- **YOUR GOAL**:
Once you reach the line containing "4.5 \\ \hline" in the data below, restate each line word for word up to and including the one containing "秋分时节,爱心涌动。9月23".

- **EXTRACTED MATERIAL**:
* * *
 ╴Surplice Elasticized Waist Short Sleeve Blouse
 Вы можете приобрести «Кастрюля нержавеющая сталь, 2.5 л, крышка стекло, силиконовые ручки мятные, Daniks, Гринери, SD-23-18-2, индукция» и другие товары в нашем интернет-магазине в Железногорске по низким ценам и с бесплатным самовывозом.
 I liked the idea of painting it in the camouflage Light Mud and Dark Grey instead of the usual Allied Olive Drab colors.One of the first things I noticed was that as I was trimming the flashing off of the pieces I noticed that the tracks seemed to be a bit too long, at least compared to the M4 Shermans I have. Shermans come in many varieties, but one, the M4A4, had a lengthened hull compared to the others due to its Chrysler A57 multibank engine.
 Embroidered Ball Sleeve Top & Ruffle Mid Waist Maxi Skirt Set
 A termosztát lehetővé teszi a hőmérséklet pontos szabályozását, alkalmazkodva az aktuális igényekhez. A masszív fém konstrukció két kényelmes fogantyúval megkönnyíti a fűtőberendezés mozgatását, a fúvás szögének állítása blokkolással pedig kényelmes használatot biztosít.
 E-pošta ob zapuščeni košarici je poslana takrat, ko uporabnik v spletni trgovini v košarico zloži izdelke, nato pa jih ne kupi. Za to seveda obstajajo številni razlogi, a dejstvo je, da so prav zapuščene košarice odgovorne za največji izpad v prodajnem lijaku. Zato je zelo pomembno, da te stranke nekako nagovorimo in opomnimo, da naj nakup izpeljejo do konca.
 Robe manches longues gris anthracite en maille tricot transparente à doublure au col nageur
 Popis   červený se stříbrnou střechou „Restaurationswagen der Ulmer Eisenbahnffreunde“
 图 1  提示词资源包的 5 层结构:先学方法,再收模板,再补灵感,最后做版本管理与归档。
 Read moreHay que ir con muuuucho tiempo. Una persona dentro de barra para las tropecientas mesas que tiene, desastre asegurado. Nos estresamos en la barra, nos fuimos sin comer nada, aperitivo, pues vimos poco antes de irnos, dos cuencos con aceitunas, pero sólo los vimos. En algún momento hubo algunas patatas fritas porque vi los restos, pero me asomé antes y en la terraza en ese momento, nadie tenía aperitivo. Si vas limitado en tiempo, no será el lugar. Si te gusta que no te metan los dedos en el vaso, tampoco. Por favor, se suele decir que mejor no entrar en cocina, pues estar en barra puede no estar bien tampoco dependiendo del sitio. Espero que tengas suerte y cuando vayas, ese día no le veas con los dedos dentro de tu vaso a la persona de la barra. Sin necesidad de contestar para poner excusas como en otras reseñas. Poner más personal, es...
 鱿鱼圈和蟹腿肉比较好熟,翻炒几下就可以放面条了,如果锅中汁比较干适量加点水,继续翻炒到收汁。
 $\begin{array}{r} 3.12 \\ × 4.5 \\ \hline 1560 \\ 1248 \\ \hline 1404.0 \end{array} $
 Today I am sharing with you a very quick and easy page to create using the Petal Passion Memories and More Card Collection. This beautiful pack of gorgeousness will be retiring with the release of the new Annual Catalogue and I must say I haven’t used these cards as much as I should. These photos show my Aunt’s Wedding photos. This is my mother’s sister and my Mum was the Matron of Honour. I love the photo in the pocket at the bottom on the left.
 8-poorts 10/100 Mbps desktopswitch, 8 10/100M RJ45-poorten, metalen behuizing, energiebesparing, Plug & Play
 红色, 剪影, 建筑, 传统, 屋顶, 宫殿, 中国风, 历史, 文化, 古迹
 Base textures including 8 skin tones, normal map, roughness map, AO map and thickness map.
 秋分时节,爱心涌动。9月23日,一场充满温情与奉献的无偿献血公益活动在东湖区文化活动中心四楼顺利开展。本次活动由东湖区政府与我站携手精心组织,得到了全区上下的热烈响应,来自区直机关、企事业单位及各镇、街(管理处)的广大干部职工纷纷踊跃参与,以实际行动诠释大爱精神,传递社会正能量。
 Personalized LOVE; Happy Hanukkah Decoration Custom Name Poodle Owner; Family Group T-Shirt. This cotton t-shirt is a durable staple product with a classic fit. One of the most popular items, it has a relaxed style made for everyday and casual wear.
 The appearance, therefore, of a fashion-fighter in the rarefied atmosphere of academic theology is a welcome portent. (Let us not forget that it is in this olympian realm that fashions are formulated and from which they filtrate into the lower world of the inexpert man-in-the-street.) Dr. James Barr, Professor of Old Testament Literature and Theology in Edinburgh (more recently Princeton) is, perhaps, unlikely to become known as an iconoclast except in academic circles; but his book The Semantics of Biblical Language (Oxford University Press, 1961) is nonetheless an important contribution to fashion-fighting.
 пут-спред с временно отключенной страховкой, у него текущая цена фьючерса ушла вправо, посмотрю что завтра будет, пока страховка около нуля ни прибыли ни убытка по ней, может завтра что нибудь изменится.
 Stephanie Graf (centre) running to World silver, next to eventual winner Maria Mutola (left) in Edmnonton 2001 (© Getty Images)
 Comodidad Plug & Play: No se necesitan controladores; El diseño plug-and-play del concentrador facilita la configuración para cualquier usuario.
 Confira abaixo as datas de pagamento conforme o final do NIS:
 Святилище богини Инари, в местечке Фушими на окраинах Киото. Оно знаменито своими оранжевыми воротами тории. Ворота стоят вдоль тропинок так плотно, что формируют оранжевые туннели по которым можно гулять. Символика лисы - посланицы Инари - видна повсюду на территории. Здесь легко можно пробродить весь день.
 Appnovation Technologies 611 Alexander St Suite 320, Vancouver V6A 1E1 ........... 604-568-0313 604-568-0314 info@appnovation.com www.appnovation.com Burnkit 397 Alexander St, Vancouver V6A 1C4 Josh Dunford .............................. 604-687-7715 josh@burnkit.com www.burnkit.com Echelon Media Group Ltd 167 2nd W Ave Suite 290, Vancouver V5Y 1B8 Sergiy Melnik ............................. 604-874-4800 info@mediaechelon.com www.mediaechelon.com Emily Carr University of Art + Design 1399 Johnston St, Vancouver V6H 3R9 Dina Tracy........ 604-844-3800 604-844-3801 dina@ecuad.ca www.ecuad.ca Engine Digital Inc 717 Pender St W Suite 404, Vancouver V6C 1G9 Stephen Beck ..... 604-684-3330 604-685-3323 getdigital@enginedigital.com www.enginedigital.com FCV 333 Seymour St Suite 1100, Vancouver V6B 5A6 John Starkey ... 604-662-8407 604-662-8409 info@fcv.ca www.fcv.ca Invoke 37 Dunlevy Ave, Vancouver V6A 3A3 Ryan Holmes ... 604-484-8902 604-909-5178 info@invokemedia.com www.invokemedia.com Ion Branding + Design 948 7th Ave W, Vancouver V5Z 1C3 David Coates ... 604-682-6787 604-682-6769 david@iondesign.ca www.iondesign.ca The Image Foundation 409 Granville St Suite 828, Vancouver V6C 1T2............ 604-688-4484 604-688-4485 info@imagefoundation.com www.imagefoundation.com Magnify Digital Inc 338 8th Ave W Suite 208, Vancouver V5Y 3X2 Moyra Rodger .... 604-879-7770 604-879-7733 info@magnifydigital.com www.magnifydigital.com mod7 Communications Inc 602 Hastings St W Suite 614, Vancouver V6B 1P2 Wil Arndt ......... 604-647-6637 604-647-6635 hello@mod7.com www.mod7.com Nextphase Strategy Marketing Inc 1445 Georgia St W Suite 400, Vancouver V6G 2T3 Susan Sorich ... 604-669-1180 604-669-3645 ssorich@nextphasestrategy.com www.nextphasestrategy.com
* * *
- **YOUR SOLUTION**:
 $\begin{array}{r} 3.12 \\ × 4.5 \\ \hline 1560 \\ 1248 \\ \hline 1404.0 \end{array} $
 Today I am sharing with you a very quick and easy page to create using the Petal Passion Memories and More Card Collection. This beautiful pack of gorgeousness will be retiring with the release of the new Annual Catalogue and I must say I haven’t used these cards as much as I should. These photos show my Aunt’s Wedding photos. This is my mother’s sister and my Mum was the Matron of Honour. I love the photo in the pocket at the bottom on the left.
 8-poorts 10/100 Mbps desktopswitch, 8 10/100M RJ45-poorten, metalen behuizing, energiebesparing, Plug & Play
 红色, 剪影, 建筑, 传统, 屋顶, 宫殿, 中国风, 历史, 文化, 古迹
 Base textures including 8 skin tones, normal map, roughness map, AO map and thickness map.
 秋分时节,爱心涌动。9月23日,一场充满温情与奉献的无偿献血公益活动在东湖区文化活动中心四楼顺利开展。本次活动由东湖区政府与我站携手精心组织,得到了全区上下的热烈响应,来自区直机关、企事业单位及各镇、街(管理处)的广大干部职工纷纷踊跃参与,以实际行动诠释大爱精神,传递社会正能量。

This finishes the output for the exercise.